BEGIN STORED DATA

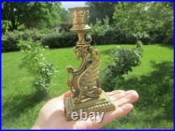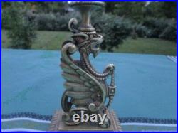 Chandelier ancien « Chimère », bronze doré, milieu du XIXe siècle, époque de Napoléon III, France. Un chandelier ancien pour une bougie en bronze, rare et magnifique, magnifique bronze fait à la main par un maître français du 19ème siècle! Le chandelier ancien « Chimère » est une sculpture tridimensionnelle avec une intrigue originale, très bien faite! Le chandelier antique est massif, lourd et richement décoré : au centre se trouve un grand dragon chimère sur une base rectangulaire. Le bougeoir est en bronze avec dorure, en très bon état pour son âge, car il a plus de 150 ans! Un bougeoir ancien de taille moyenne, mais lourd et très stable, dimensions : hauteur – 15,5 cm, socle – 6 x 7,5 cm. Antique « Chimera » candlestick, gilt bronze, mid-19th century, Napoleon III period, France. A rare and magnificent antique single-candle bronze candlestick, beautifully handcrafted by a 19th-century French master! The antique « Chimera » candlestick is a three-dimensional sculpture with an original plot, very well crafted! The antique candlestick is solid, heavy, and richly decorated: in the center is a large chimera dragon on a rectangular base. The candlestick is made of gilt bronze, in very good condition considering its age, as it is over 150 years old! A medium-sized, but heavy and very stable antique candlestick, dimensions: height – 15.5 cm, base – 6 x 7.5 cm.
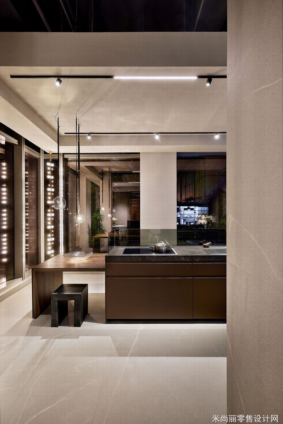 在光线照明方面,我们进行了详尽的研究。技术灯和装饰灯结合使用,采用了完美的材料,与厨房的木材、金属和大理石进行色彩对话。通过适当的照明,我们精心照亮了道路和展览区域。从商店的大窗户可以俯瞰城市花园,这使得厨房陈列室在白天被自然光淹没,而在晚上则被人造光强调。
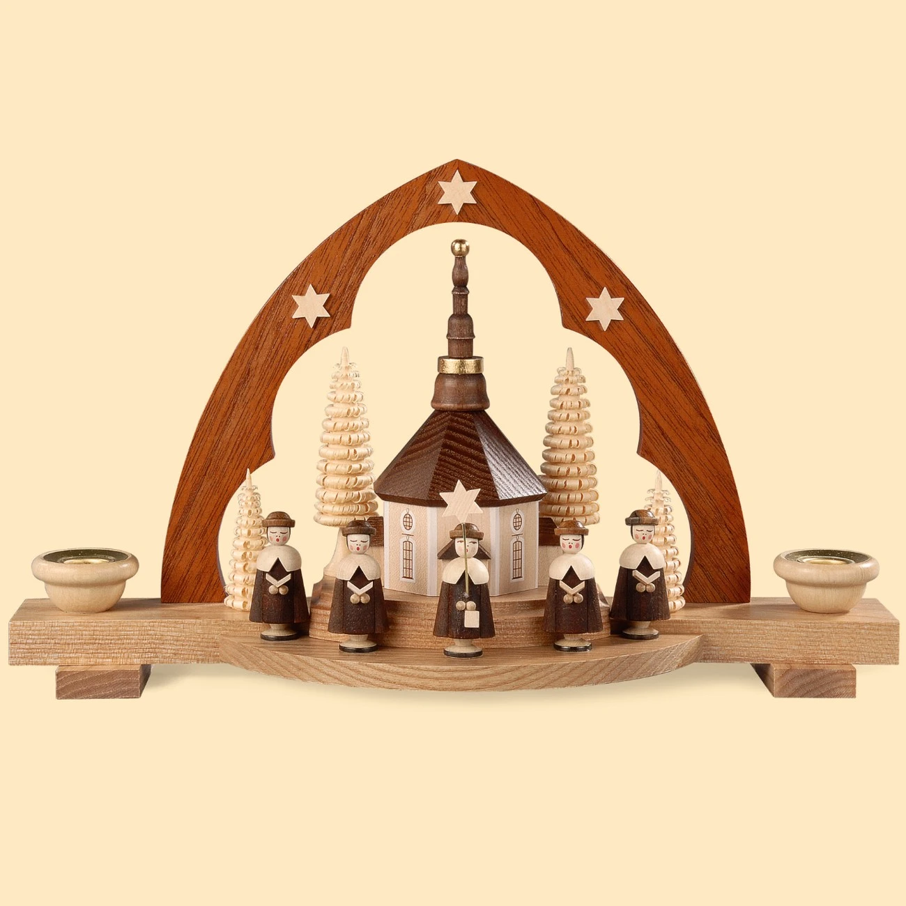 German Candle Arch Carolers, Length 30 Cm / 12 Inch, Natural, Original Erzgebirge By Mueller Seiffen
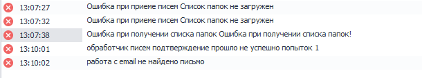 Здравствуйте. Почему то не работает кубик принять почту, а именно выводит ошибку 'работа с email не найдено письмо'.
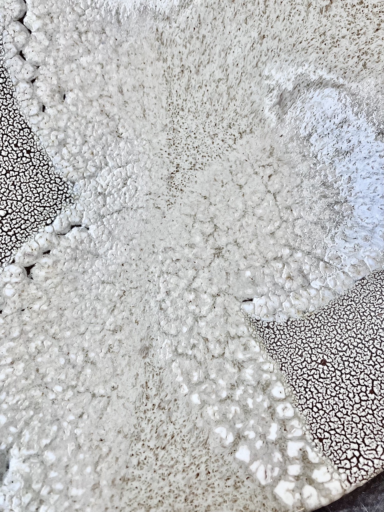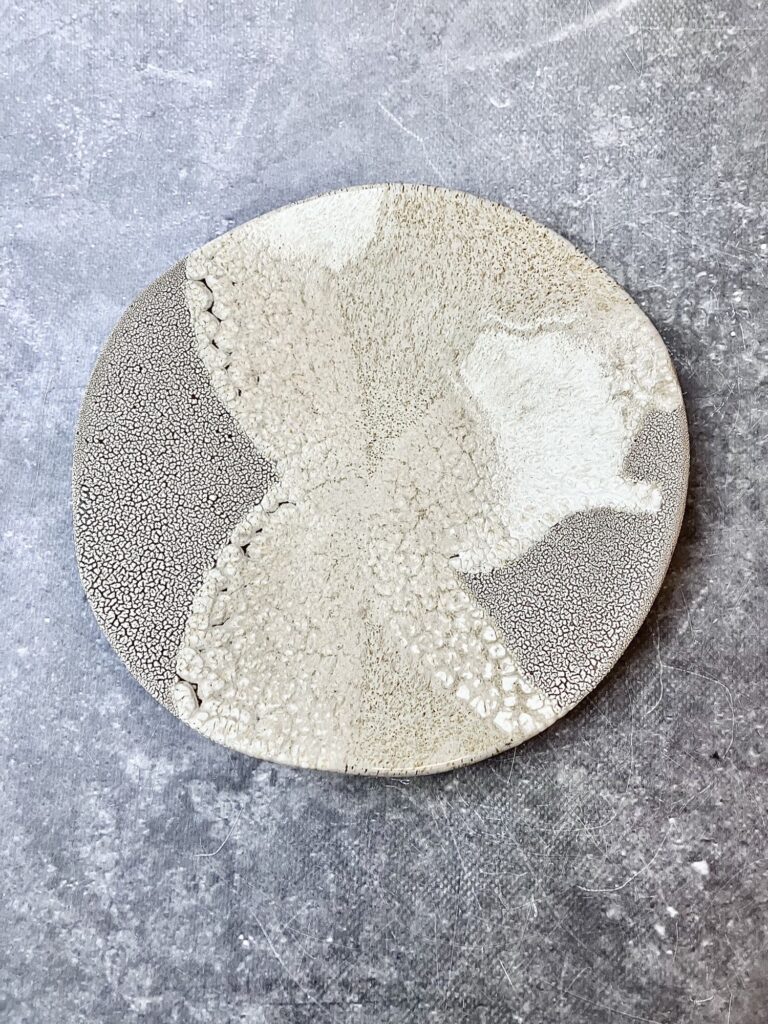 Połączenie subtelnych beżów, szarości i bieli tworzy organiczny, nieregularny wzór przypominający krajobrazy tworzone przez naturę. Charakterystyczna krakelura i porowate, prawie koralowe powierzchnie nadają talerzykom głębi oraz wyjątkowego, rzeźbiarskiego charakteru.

END STORED DATA

■ WHAT YOU WILL DO: Repeat exactly, and only, the entries from the line with "在光线照明方面,我们进行了详" through the line with "Здравствуйте. Почему то". Pictures are skipped.

■ WRITTEN SOLUTION:
 在光线照明方面,我们进行了详尽的研究。技术灯和装饰灯结合使用,采用了完美的材料,与厨房的木材、金属和大理石进行色彩对话。通过适当的照明,我们精心照亮了道路和展览区域。从商店的大窗户可以俯瞰城市花园,这使得厨房陈列室在白天被自然光淹没,而在晚上则被人造光强调。
 German Candle Arch Carolers, Length 30 Cm / 12 Inch, Natural, Original Erzgebirge By Mueller Seiffen
 Здравствуйте. Почему то не работает кубик принять почту, а именно выводит ошибку 'работа с email не найдено письмо'.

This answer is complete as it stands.